Choosing an Architecture for Pro

As coder radio mentioned toward the end of their podcast we’re still a bit in the research stage.

The first question is which architecture do we go with?

Zero-knowledge architecture
Managed-encryption architecture

Comparing

Zero-knowledge is the architecture that organizations like 1Password practice.

If an attacker gains access to their servers, your passwords are still safe. They never hold your private keys - only your public keys. Feels warm and fuzzy. 🧸

Managed-encryption is the architecture that software like AWS KMS use.

If an attacker gains access to AWS KMS, you’re pwned, bro - along with a lot of other people! This is because Amazon ultimately holds plaintext¹ copies of your keys.

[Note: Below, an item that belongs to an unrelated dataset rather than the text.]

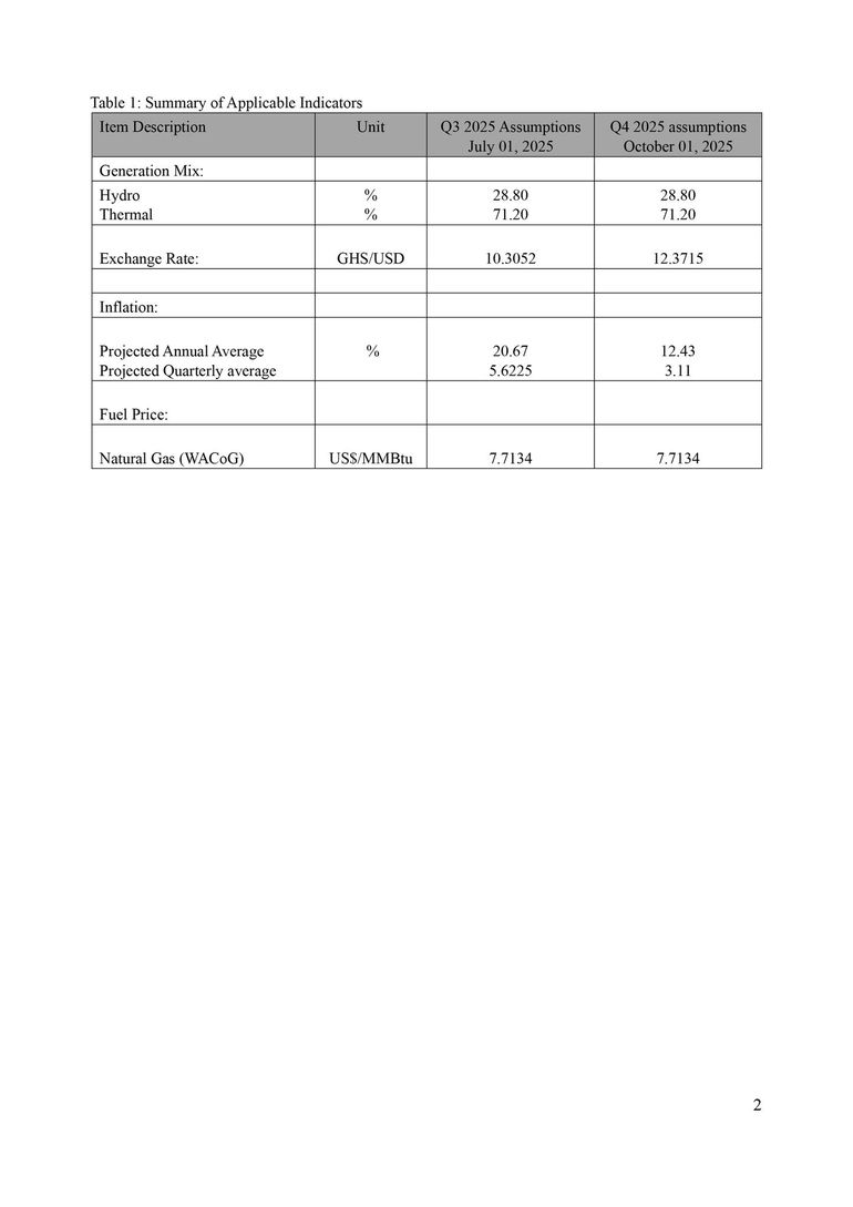Exchange Rate: PURC applied a projected weighted average Ghana Cedi–US Dollar exchange rate of GHS12.3715 to US$1. This figure incorporates an under-recovery of GHS0.3980 from the third quarter, based on the actual interbank average rate of GHS10.7032 between 23 June and 5 September 2025, and a projected rate of GHS11.9735 for the fourth quarter.

Somehow this doesn’t feel awful though because we trust Amazon.

Other ways of looking at it:

zero-knowledge is decentralized
managed-encryption is centralized
zero-knowledge is trustless
managed-encryption is trustbased

Centralized has its advantages/disadvantages and decentralized its own.

Why Managed-Encryption

Why would an organization choose managed-encryption over zero-knowledge? It boils down to placement of trust.

They don’t trust you with private decryption keys living on your machine. You might lose your laptop. They trust Amazon more. That buddy of yours in devops that you grab beers with - yeah, he doesn’t really trust you.

I can hear my friend Yamil (devops) saying it to me now:

Yeah, I don’t trust you, brah.

So by centralizing the keys on Amazon, they eliminate the risk - you.

I want to add, this placement of trust in my experience adds friction for developers. Have you ever worked with a big corporate and requested a new production HELLO key for your next feature deploy? It can be a long wait, only to be fat-fingered as HRLLO – causing your deploy to fail. Compliance departments loves this for some reason.

Why Zero-Knowledge

Zero-knowledge architecture makes the opposite assumption - third-party risk is greater. I tend to agree with this on not just an empirical level, but also a philosophical one.

I’m a developer-first kind of guy. I want to empower developers, and I think when you do you actually end up with safer and more elegant solutions.

For example, I want this scenario:

I set HELLO=development in .env of my PR
Yamil sees it and runs dotenvx set HELLO "production" -f .env.production
Yamil pushes his .env.production changes to my PR

Boom, now the feature is ready in development AND production. I safely don’t know the production secret (because its encrypted and only Yamil has access to its decryption key), but we’re both coordinating on the same platform - git². He can’t gatekeep. And bonus, now when Yamil fat-fingers the key name to HRLLO, I know.

For weird reasons, compliance departments don’t like this. They’re wrong of course. You get a complete audit log in git - who, what, when. They’ll come around eventually.

But I’m getting off topic again.

Everything I described above you can do already, for free, with dotenvx.

But as your team grows and Yamil needs to share production decryption keys with his new devops hires, dotenvx pro should make that easy and safe. Zero-knowledge architecture is a good choice here - it would allow passing of these private decryption keys without dotenvx reading them. If a breach on our servers happened, your secrets would still be safe. All the attacker would gain are public keys and encrypted data.

One final note, I think zero-knowledge is in the spirit of dotenv. It’s never been a tool that could read your secrets.

We’re going with zero-knowledge.

¹ They’re not technically plaintext, they are encrypted at rest, but AWS KMS also holds the decryption key somewhere that allows them to be decrypted just-in-time. It’s called a managed-encryption solution because they go to great lengths to manage the risk - additional layers of security, machinations, etc.

² Not all ops teams know and use git. A UI will be needed, but to start, we’ll focus on savvy tightnit teams that know git.